API tutorial: Let’s import pysubs2

This tutorial will show you how to use most of what pysubs2 library has to offer. If you are familiar with Python and Aegisub, you will hopefully find the API quite intuitive.

If you want to follow along in your REPL, make sure to have Python 3 and pysubs2 installed.

Reading subtitle file

Let’s settle on a simple subtitle file first.

>>> SIMPLE_FILE = """\
... 1
... 00:00:00,000 --> 00:01:00,000
... Once upon a time,
...
... 2
... 00:01:00,000 --> 00:02:00,000
... there was a SubRip file
... with two subtitles.
... """
>>> with open("subtitles.srt", "w") as fp:
...      fp.write(SIMPLE_FILE)

Now that we have a real file on the harddrive, let’s import pysubs2 and load it.

>>> import pysubs2
>>> subs = pysubs2.load("subtitles.srt")
>>> subs
<SSAFile with 2 events and 1 styles, last timestamp 0:02:00>

Now we have a subtitle file, the pysubs2.SSAFile object. It has two “events”, ie. subtitles. You can treat subs as a list:

>>> subs[0].text
"Once upon a time,"
>>> for line in subs:
...     print(line.text)
Once upon a time,
there was a SubRip file\\Nwith two subtitles.

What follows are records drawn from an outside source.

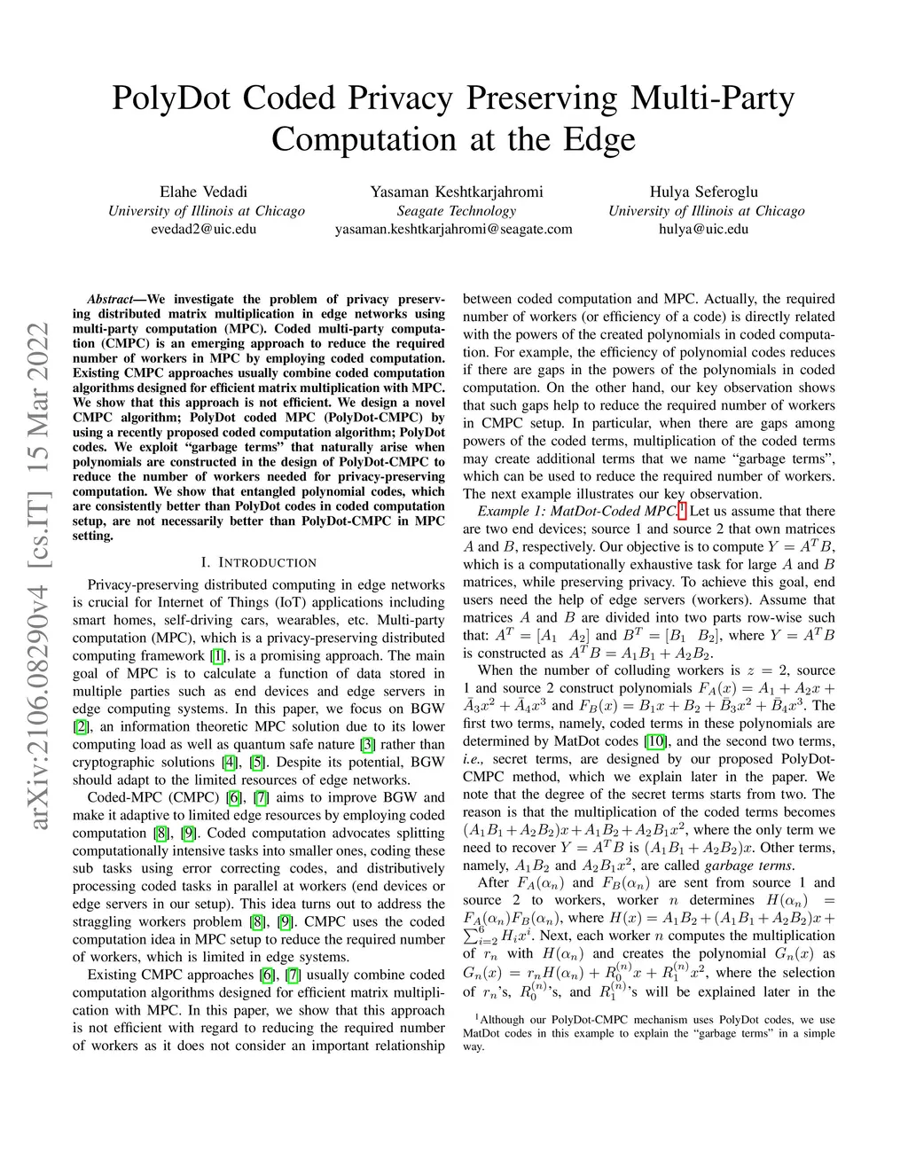 We investigate the problem of privacy preserving distributed matrix multiplication in edge networks using multi-party computation (MPC). Coded multi-party computation (CMPC) is an emerging approach to reduce the required number of workers in MPC by employing coded computation. Existing CMPC approaches usually combine coded computation algorithms designed for efficient matrix multiplication with MPC. We show that this approach is not efficient. We design a novel CMPC algorithm; PolyDot coded MPC (PolyDot-CMPC) by using a recently proposed coded computation algorithm; PolyDot codes. We exploit "garbage terms" that naturally arise when polynomials are constructed in the design of PolyDot-CMPC to reduce the number of workers needed for privacy-preserving computation. We show that entangled polynomial codes, which are consistently better than PolyDot codes in coded computation setup, are not necessarily better than PolyDot-CMPC in MPC setting.
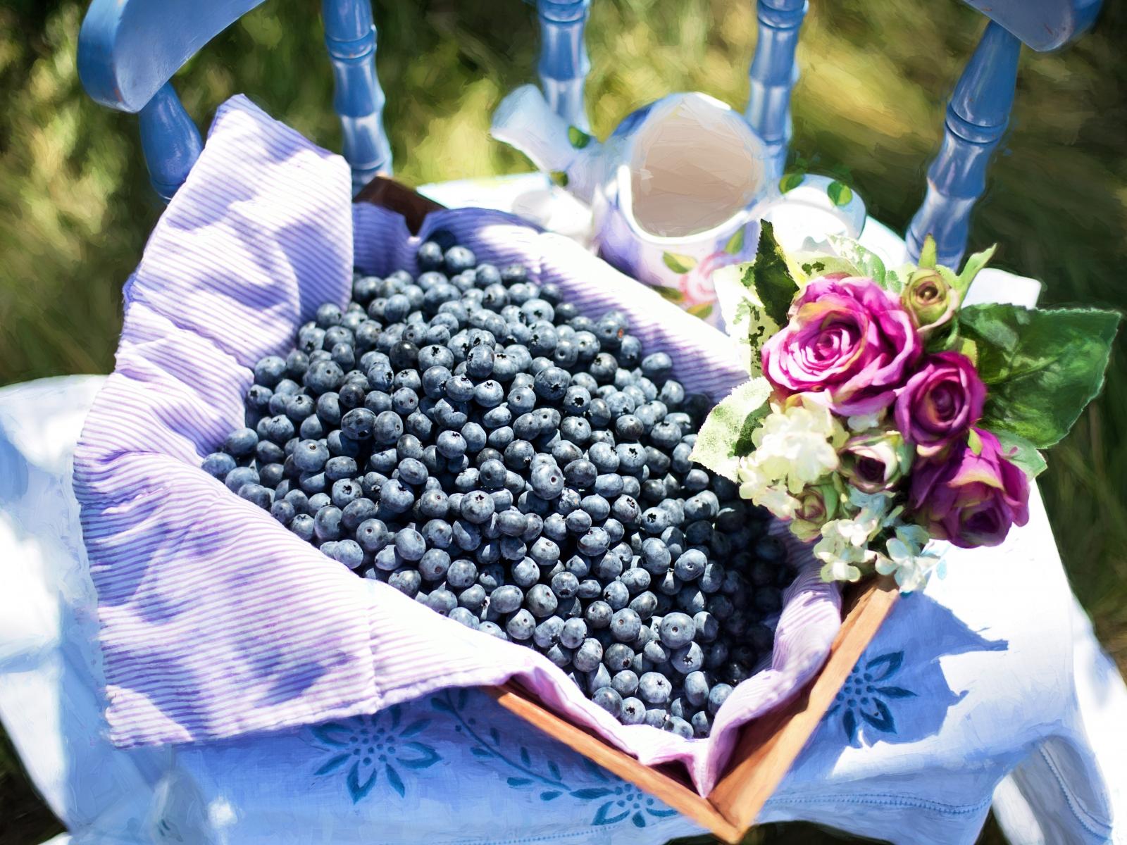Обои Корзина со спелыми ягодами черники стоит на столе
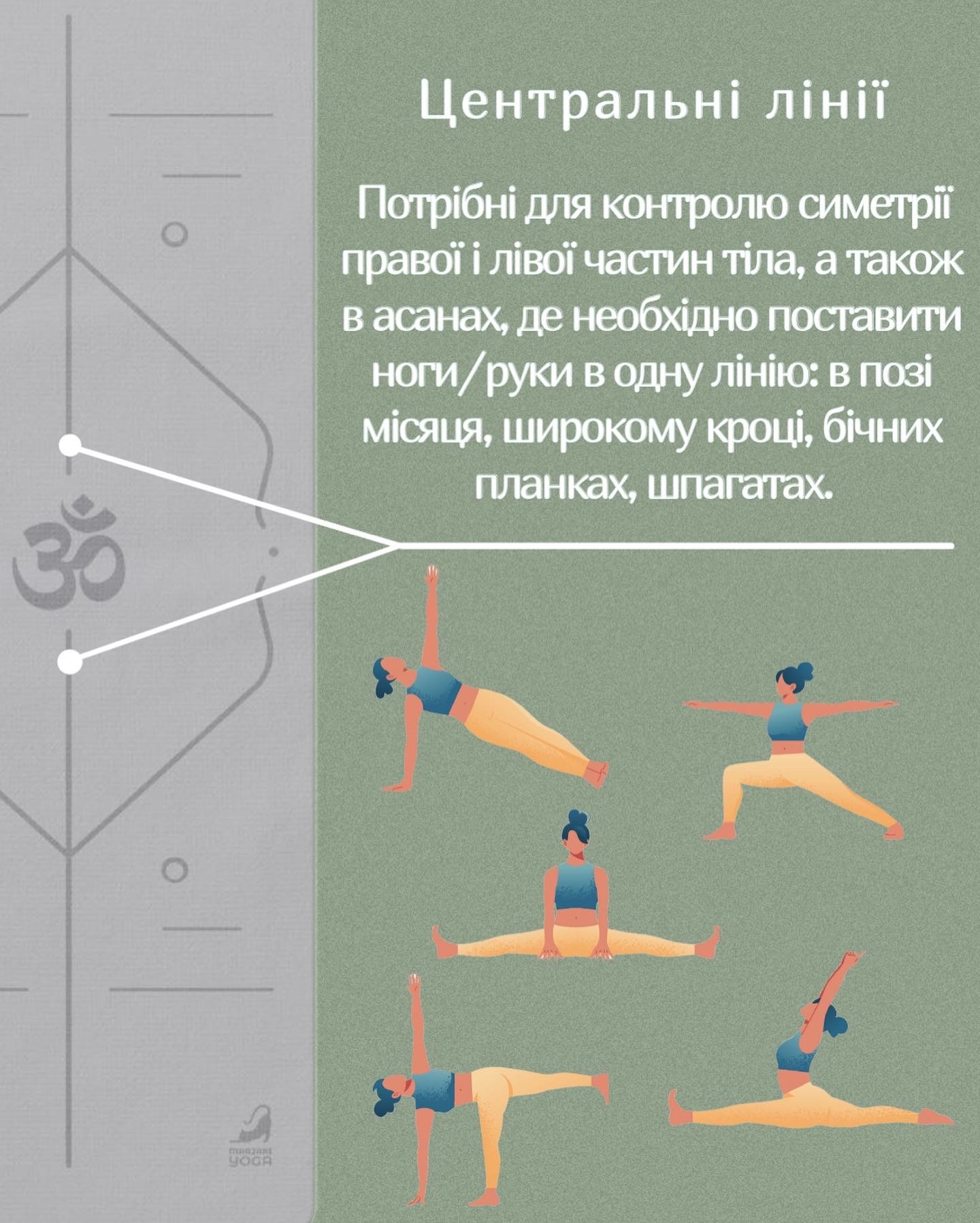 Килимок для йоги з розміткою. Користування лініями.
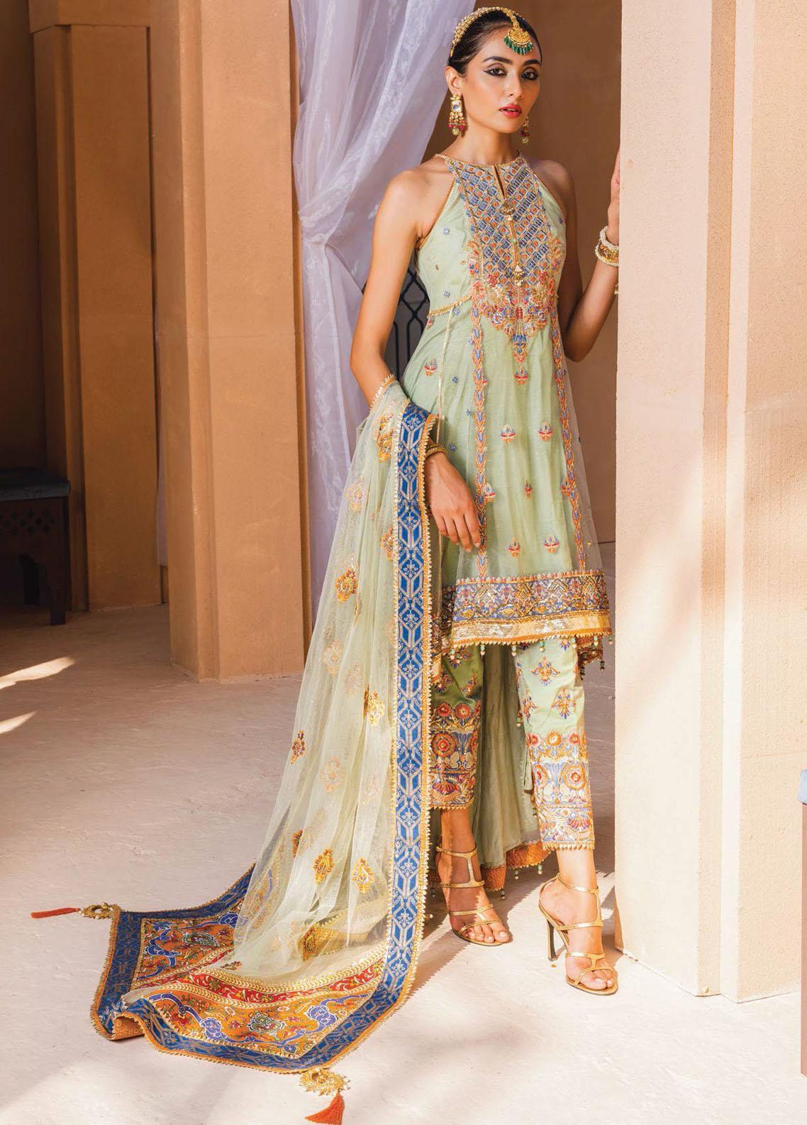 A serene mint green canvas is delicately accentuated with intricate floral and ornamental embroideries with an elaborately crafted neckline in exotic shades of orange, blue and gold. It is paired with a beautifully complimenting digitally printed gharara and an embroidered net dupatta that is adorned with complimenting embroideries and a contrasting cobalt blue border

Individual subtitles are pysubs2.SSAEvent objects and have the attributes you’d expect, like start, end and text. Notice that the second subtitle text doesn’t contain a newline, but literal “backlash N”, which is how SubStation represents newlines. There could also be override tags like {\i1} for italics.

Tip

If you don’t entertain SubStation, there is also a pysubs2.SSAEvent.plaintext property which hides override tags and translates newlines for you. Be warned, however, that writing to this property throws away any override tags.

>>> for line in subs:
...     print(line.plaintext)
Once upon a time,
there was a SubRip file
with two subtitles.

A point about character encoding

By default, pysubs2 uses UTF-8 character encoding when reading and writing files, which enjoys wide software support, can represent any character from Unicode, and is efficient in terms of disk space. It’s arguably “the” character encoding to use for text storage today, but it hasn’t always been like this, and it’s possible that the subtitle files you will be dealing with use some other encoding.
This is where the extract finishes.